METHODS/DESIGN: We intend to recruit 100 participants with chronic traumatic SCI (3 years postinjury, C5-L2, American Spinal Injury Association impairment scale A-D, and aged 18-65 years) and insulin resistance, impaired glucose tolerance or untreated type 2 diabetes and randomly assign them to an 8-week LC/HP dietary intervention group or a control group. The daily LC/HP dietary intervention includes ~ 30% total energy as protein (1.6 g/kg per day) with a carbohydrate-to-protein ratio < 1.5 and fat intake set at ~ 30% of the total energy intake. The control group does not receive any dietary intervention and are continuing with their regular daily diets. Glucose tolerance, insulin sensitivity, β-cell function, body composition, gut microbiome composition, and quality of life measures are assessed at week 1, before starting the LC/HP dietary intervention, and at week 8, after completion of the LC/HP dietary intervention.

DISCUSSION

New information derived from this project will result in the development of a low-cost, simple, self-administered LC/HP dietary intervention for improving metabolic function in individuals with chronic SCI, improved understanding of the composition of gut bacteria in SCI, and how a LC/HP dietary intervention alters gut bacteria composition.
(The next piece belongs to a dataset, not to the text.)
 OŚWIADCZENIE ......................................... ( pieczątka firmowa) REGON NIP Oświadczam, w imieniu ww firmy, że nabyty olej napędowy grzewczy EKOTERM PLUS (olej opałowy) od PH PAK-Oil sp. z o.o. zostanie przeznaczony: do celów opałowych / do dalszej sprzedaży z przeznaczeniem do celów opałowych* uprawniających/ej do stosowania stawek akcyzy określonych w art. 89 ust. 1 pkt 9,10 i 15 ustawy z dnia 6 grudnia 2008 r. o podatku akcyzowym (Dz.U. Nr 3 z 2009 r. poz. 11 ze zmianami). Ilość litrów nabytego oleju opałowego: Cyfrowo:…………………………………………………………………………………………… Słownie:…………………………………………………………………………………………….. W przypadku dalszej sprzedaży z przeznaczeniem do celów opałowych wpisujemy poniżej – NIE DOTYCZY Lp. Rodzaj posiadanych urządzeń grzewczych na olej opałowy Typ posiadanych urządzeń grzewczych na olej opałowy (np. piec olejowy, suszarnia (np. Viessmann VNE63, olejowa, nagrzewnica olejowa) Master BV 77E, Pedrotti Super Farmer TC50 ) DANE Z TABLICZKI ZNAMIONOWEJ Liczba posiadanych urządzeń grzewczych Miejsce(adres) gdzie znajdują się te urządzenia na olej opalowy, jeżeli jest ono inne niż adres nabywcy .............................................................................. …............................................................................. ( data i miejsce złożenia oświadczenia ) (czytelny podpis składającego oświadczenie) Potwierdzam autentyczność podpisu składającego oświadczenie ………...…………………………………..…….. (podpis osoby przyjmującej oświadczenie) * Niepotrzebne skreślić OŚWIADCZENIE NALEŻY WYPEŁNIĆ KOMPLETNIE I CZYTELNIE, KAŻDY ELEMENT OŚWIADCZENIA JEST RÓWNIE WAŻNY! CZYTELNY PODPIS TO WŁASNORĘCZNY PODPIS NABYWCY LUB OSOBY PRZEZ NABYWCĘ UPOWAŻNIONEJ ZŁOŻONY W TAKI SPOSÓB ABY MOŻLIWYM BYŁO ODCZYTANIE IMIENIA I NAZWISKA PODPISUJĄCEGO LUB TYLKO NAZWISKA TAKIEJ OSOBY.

In addition, this project will improve our understanding of the relationship between metabolic function and quality of life in individuals with long-standing SCI.

TRIAL REGISTRATION

ClinicalTrials.gov, NCT03207841. Registered on 5 June 2017.

摘要

背景

代谢紊乱(如糖耐量受损、胰岛素抵抗和2型糖尿病)在脊髓损伤(SCI)患者中比健全人更为普遍。饮食调整是一种比药物治疗更具成本效益的降低代谢功能障碍风险的治疗选择。降低碳水化合物摄入量、增加蛋白质摄入量并保持适当的膳食脂肪摄入量有望在血糖控制、体脂分布和肠道微生物群组成方面产生有利的适应性变化。然而,饮食调整在SCI患者中尚未得到严格研究。本研究的目的是确定为期8周的低碳水化合物/高蛋白(LC/HP)饮食干预是否会改善代谢功能、身体成分、肠道细菌组成和生活质量等临床重要指标。
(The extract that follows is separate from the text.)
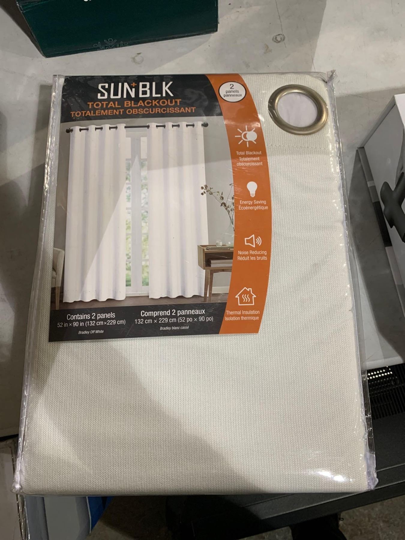 SUNBLK Total Blackout Contains 2 Panels 52"x90"Bradley off white Curtains

方法/设计:我们计划招募100名慢性创伤性SCI患者(受伤3年,损伤平面C5-L2,美国脊髓损伤协会损伤分级A-D级,年龄18-65岁),且患有胰岛素抵抗、糖耐量受损或未经治疗的2型糖尿病,将他们随机分配到为期8周的LC/HP饮食干预组或对照组。每日LC/HP饮食干预包括蛋白质提供约30%的总能量(每天1.6克/千克),碳水化合物与蛋白质的比例<1.5,脂肪摄入量设定为总能量摄入量的约30%。对照组不接受任何饮食干预,继续其日常常规饮食。在开始LC/HP饮食干预前的第1周以及完成LC/HP饮食干预后的第8周,评估糖耐量、胰岛素敏感性、β细胞功能、身体成分、肠道微生物群组成和生活质量指标。

讨论

本项目获得的新信息将促成开发一种低成本、简单、可自行实施的LC/HP饮食干预措施,以改善慢性SCI患者的代谢功能,增进对SCI患者肠道细菌组成的了解,以及LC/HP饮食干预如何改变肠道细菌组成。此外,本项目将增进我们对长期SCI患者代谢功能与生活质量之间关系的理解。

试验注册

ClinicalTrials.gov,NCT03207841。于2017年6月5日注册。